Homestay. This word and event creates many emotions and thoughts when it comes to mind. What will the family do? What will they think? Am I doing this right?  These are just a sample of the thoughts that ran through my head during my homestay experience. These were the things I was afraid of and most nervous about when meeting my homestay family. And they were the thoughts that, eventually, I had no need to fear or be nervous about.

My homestay family consisted of a father, a mother, a daughter, and a son. Upon entering the house, I was greeted by the mother, who was the sweetest older Korean woman I have met. She tried her best to make me comfortable and even provided me with some comfort foods from America. The next day, I met the father of the family. He loves to play golf and plays golf quite often. On the final day of the trip, the family treated me to many different treats and even a public bath experience!

Lee Hyun Seok, Yeungnam University

As a medical student, I don’t get much chance to study or experience diverse things. Usually I just go backpacking during the vacation, for example, Africa, Middle East, Himalayas, but this summer, my holiday is only 4 weeks. I couldn’t plan any other travel activity. And then I found the Global Economic Issues class and other activities in the International Summer School.

At the first meeting for the homestay program, I was a bit worried because, to be honest, I had a little prejudice against Americans from experiences I had in other places.
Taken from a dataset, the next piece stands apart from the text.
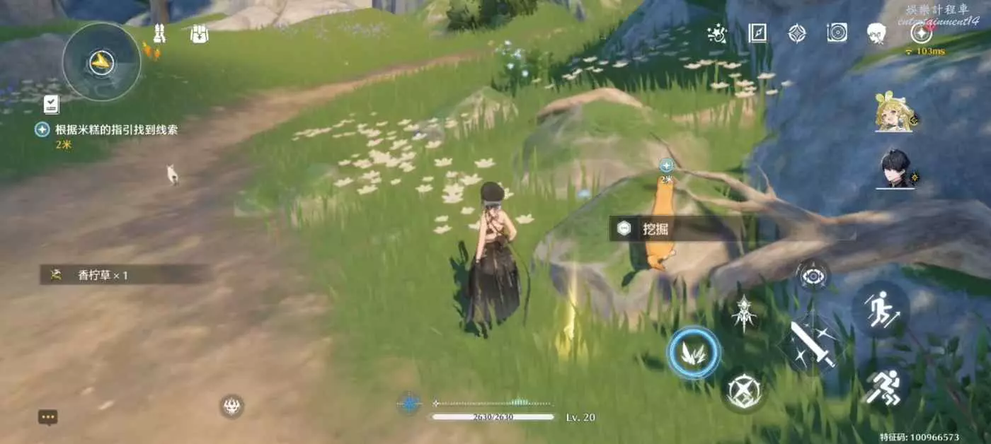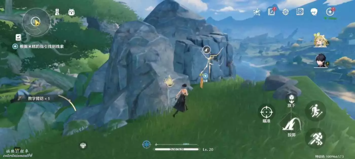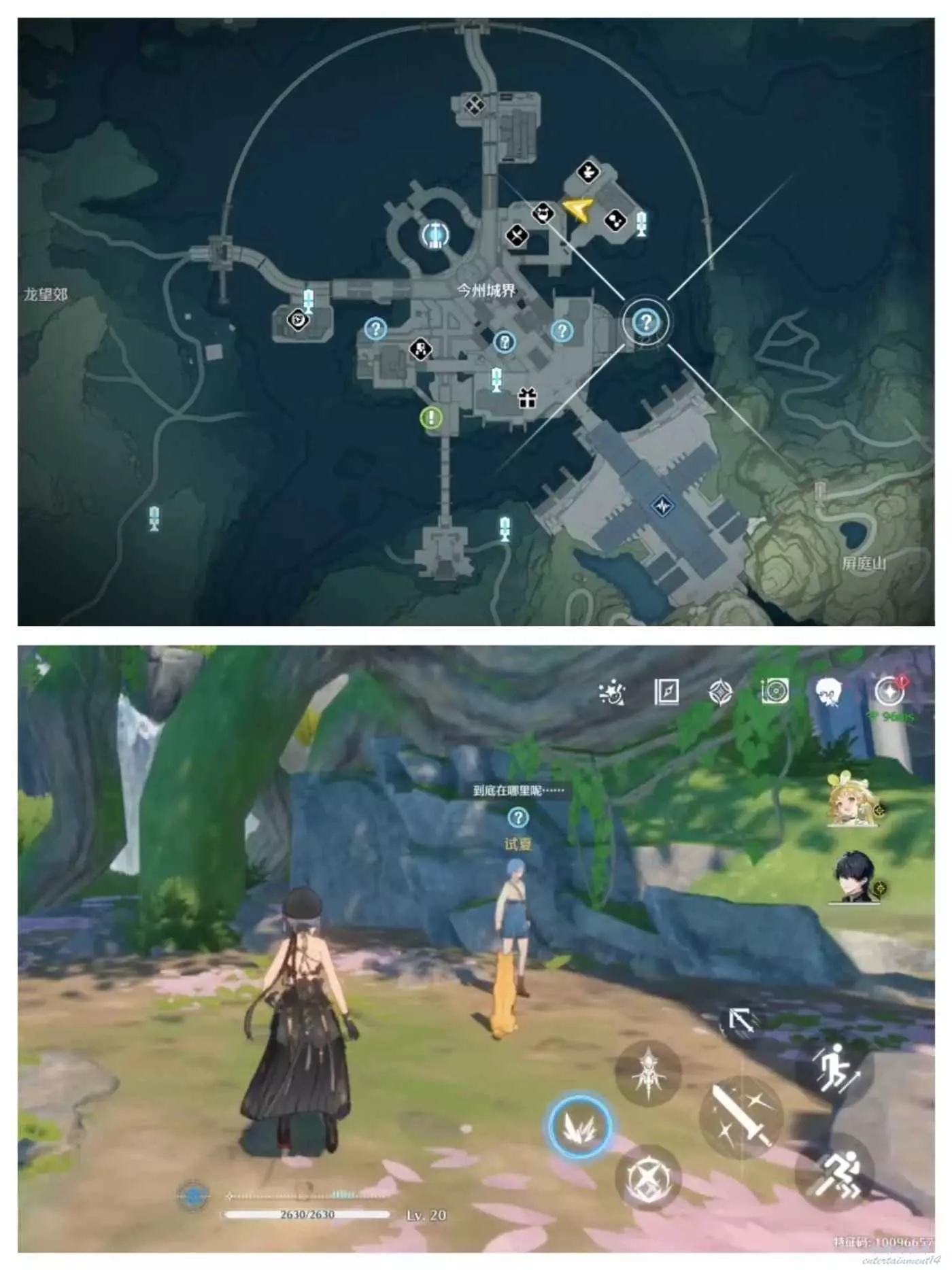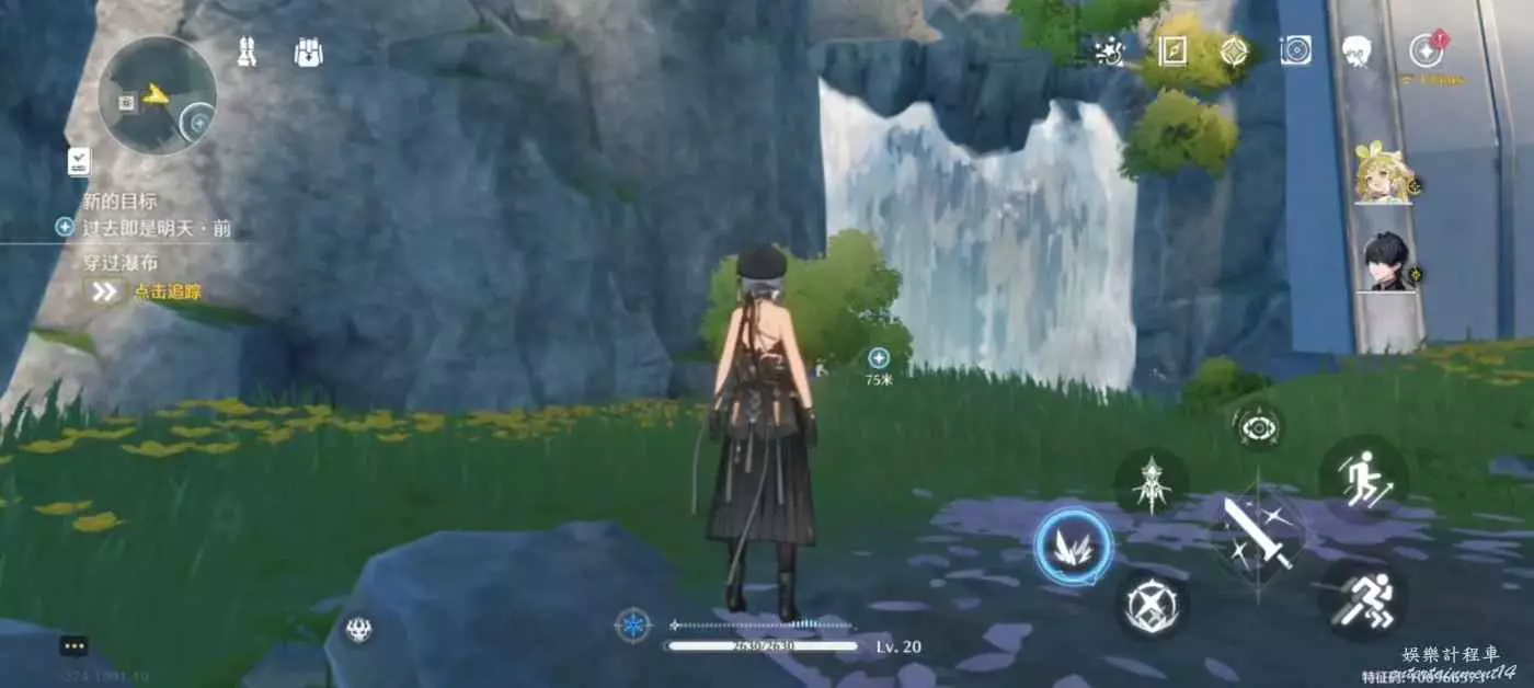 接取任務後,切換探索模組的感知幫忙尋找試夏的禮物。隨著指引穿過瀑布來到第一棵樹下。

However, the people I met on this program were – are – so generous and humorous.

During my homestay, Andrew Taylor appeared very excited, regardless of what he really felt. We went to the Public Bath on our last day and all the Korean guys looked at him with a weird view. That was very funny to me but I hope Andrew wasn’t embarrassed!

Jay Jung, Yeungnam University

I really enjoyed the homestay program. It was very nice to invite an overseas friend to my home. Before going to my house, my American friend and I first went downtown together with other homestay members. It was really fun because there were lots and lots of people.

Staying in my home and hanging around with my family was a lovely experience.

Vic Chan, Hong Kong University of Science and Technology:

During the first two weeks of my stay in Daegu and YU, many functions were arranged for us by the international school and the international office. One was the Korean homestay. It was a very special function. I lived in the traditional Korean family for one weekend.

My honestay buddy’s name is Kwak. He is studying Chemical Engineering in YU. He picked me up with his own car. I was nervous when I met his father and mother. Kwak’s mother is nice. She cooked many traditional food and played some traditional games with me at night. Although Kwak’s father didn’t talk to me very much, he was kind. I think that is the culture in Korea.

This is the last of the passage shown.